The CA.pl example script coming with OpenSSL has a couple of nice features (among lots of exceedingly ugly ones), namely -signcert: that one, slightly adjusted to eat real input files instead of this silly newcert.pem foolishness, can convert an existing cert into a req and does sign that afterwards.
Sweet. That allows me to quickly fix my "365 days only" blunder for my personal certs (used for email mostly): use old cert, old key, run CA.pl -signcert with a nice, 10 year validity and presto, new cert. (Even better would have been had I found out about that before I had replaced the CA cert - also too shortlived - with a completely new one...sigh.)

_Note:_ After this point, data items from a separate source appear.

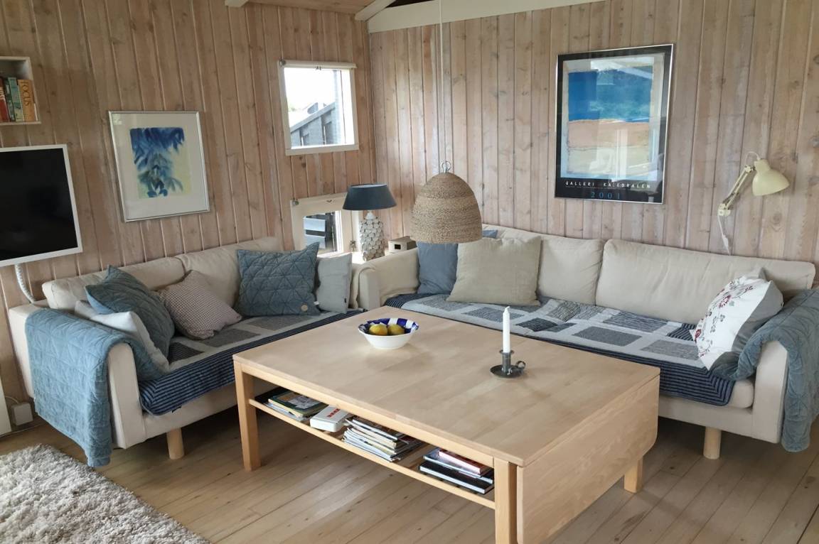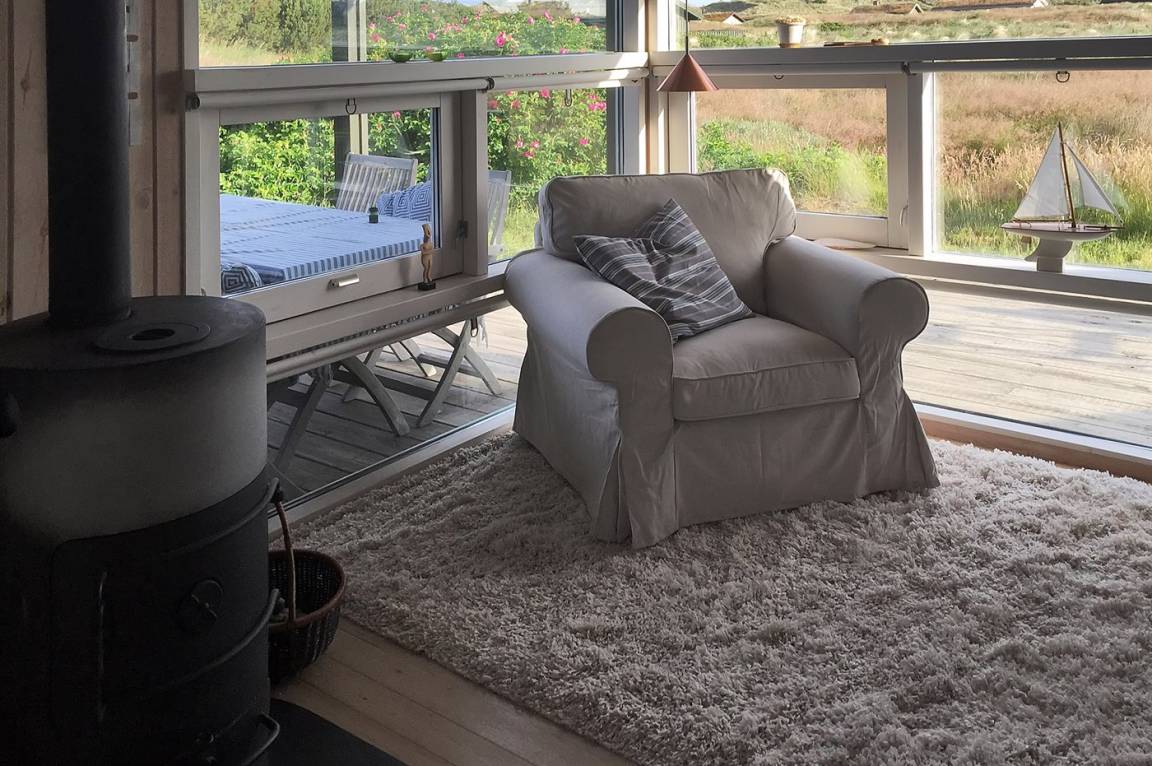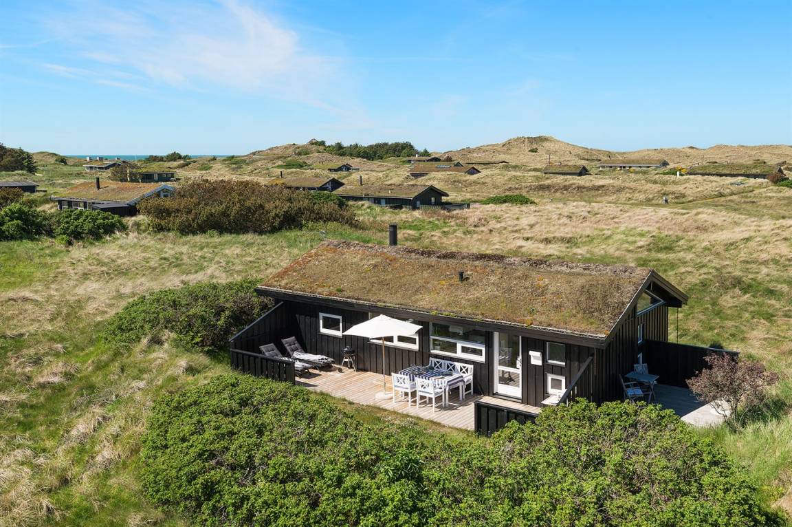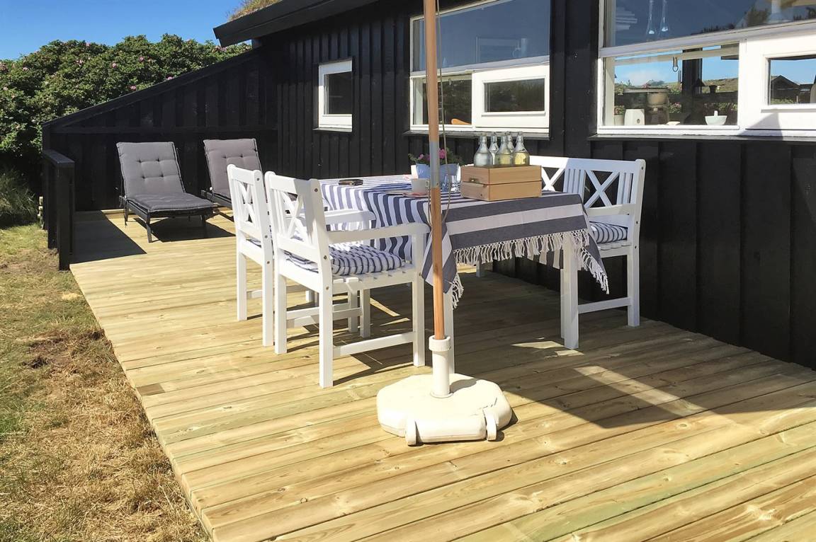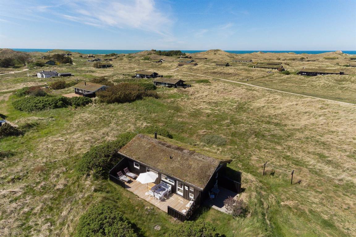 In einem ruhigen, naturschönen Gebiet liegt dieses Ferienhaus zurückgezogen auf einem großen und geschlossenen Grundstück nahe schönem Badestrand. Vom Wohnzimmer gibt es freien Blick auf die Dünen.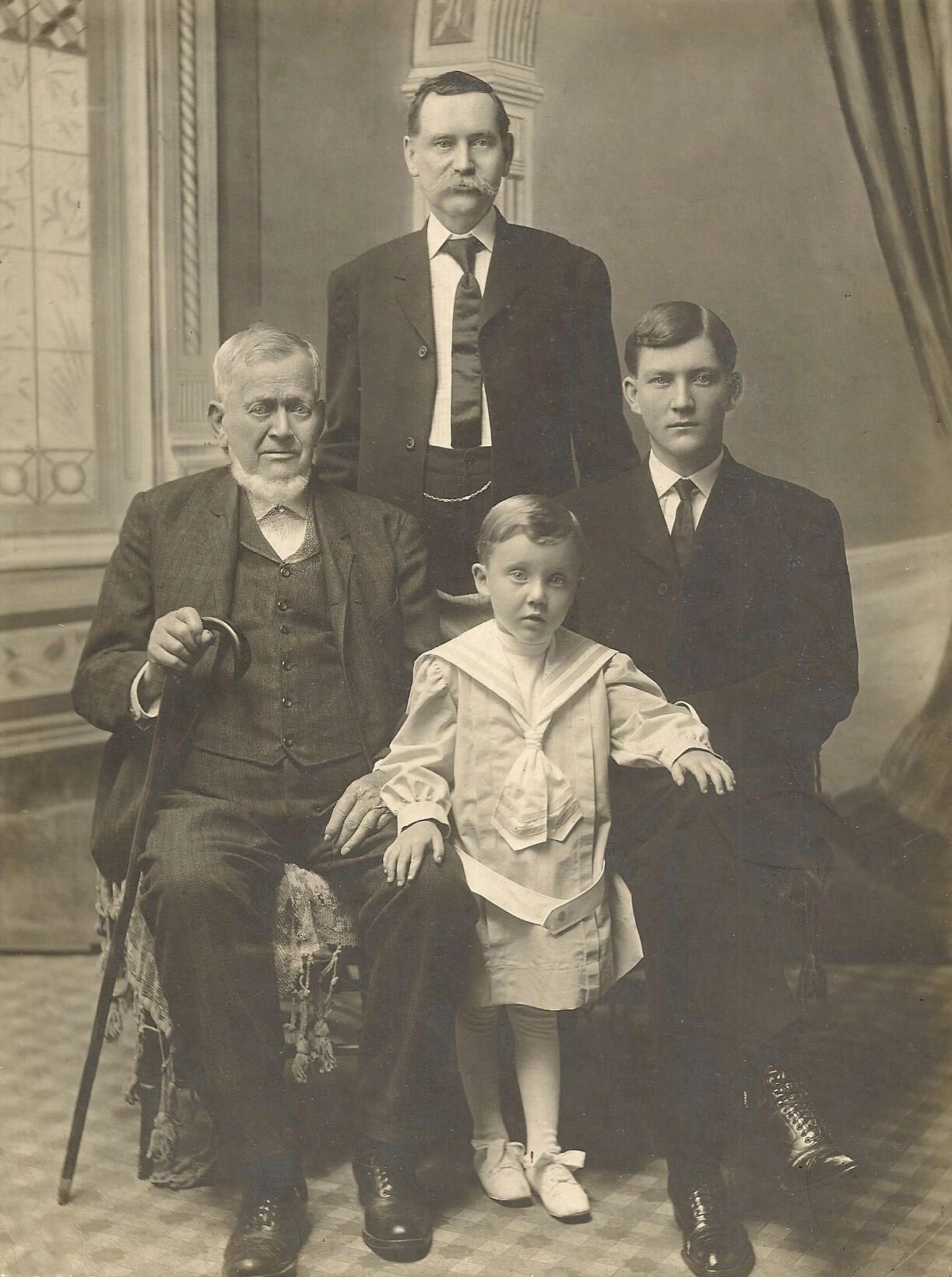 Source Citation: Call family - four generations, pictured [clockwise]: (1) James Call Jr., Esq. [1825-1907], (2) Harvey Call [1851-1924] oldest son of James, (3) Clyde Morris Call [1882-1948] son of Harvey, (4) Harvey Call II [1903-1925] son of Clyde Morris Call; circa 1903-1905; item no. MORR-AN001-0002, Lynne Gough Collection, Greene Connections Archives Project (www.GreeneConnections.com).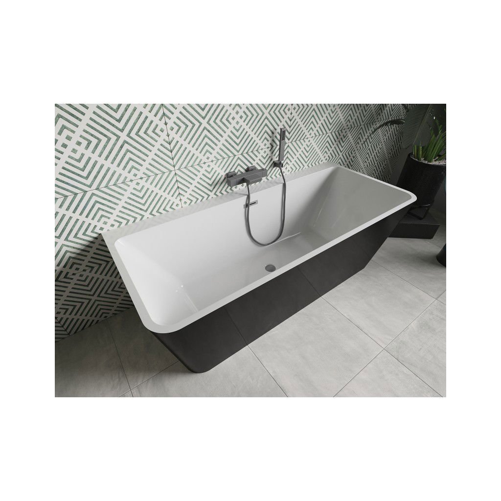 Mexen Volta, voľne stojaca nástenna vaňa 150 x 75 cm, biela-čierna, brúsený grafit prepad, 51131507575-95
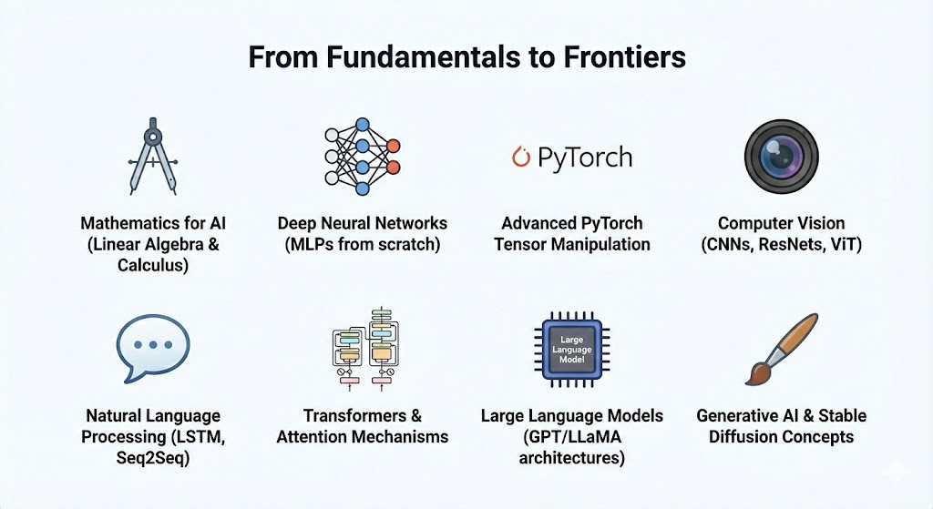 This course is designed for aspiring AI researchers, data scientists, and engineers who want to go beyond the basics. While we start from the mathematical foundations, having a basic understanding of Python is recommended. We move from beginner concepts to advanced, research-grade architectures.

Don't forget to copy cert and key to the proper location (usually /etc/ssl/{certs,private}) and check that annoying symlink from keyid.0 to the cert. Fortunately it's the key id, not anything associated with the cert, so you don't have to redo this when your cert is redone. (I always forget how to produce the friggin hash: openssl x509 -hash -noout < cert is the necessary magic, or use c_rehash.)
stunnel expects both key and cert (PEM format) in a single file, and cat is your friend.

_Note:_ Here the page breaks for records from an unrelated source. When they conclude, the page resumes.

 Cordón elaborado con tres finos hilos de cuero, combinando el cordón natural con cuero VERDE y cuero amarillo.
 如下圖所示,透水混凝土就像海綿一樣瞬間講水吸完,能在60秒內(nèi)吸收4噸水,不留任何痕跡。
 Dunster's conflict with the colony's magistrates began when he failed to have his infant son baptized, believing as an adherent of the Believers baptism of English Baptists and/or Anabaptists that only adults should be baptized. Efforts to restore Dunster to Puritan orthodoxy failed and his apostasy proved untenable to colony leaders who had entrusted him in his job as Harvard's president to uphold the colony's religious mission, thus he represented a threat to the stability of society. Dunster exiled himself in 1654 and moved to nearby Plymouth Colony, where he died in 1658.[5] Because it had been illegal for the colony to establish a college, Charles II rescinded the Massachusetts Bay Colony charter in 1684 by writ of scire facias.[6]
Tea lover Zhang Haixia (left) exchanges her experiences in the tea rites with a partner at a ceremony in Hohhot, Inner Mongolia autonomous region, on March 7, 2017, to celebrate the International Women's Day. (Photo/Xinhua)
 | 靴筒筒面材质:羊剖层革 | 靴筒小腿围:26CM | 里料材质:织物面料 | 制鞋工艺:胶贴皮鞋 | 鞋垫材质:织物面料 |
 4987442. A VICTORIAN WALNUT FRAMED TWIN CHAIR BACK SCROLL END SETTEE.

How am I using this stuff?
The CA cert is installed on my servers and clients, known as trustworthy signer to the applications I use with SSL: sendmail and fetchmail.
The sendmail on the client presents its cert in the TLS startup, and on the server side I've got this in /etc/mail/access:
CertIssuer:/C=AT/O=snafu.priv.at/CN=snafu+20CA RELAY
That takes care of outbound email.
fetchmail on the client runs with
--sslcertck --sslcertpath /etc/ssl/certs/ --ssl
and against the FQDN servername (as in the cert). Thus fetchmail requires a server cert signed by a locally known good signer.
On the IMAP server I'm running stunnel with
-A /etc/ssl/certs/snafuCA.cert.pem -p /etc/ssl/certs/stunnel.pem
which makes it present its cert and the CA cert, so everything fits together.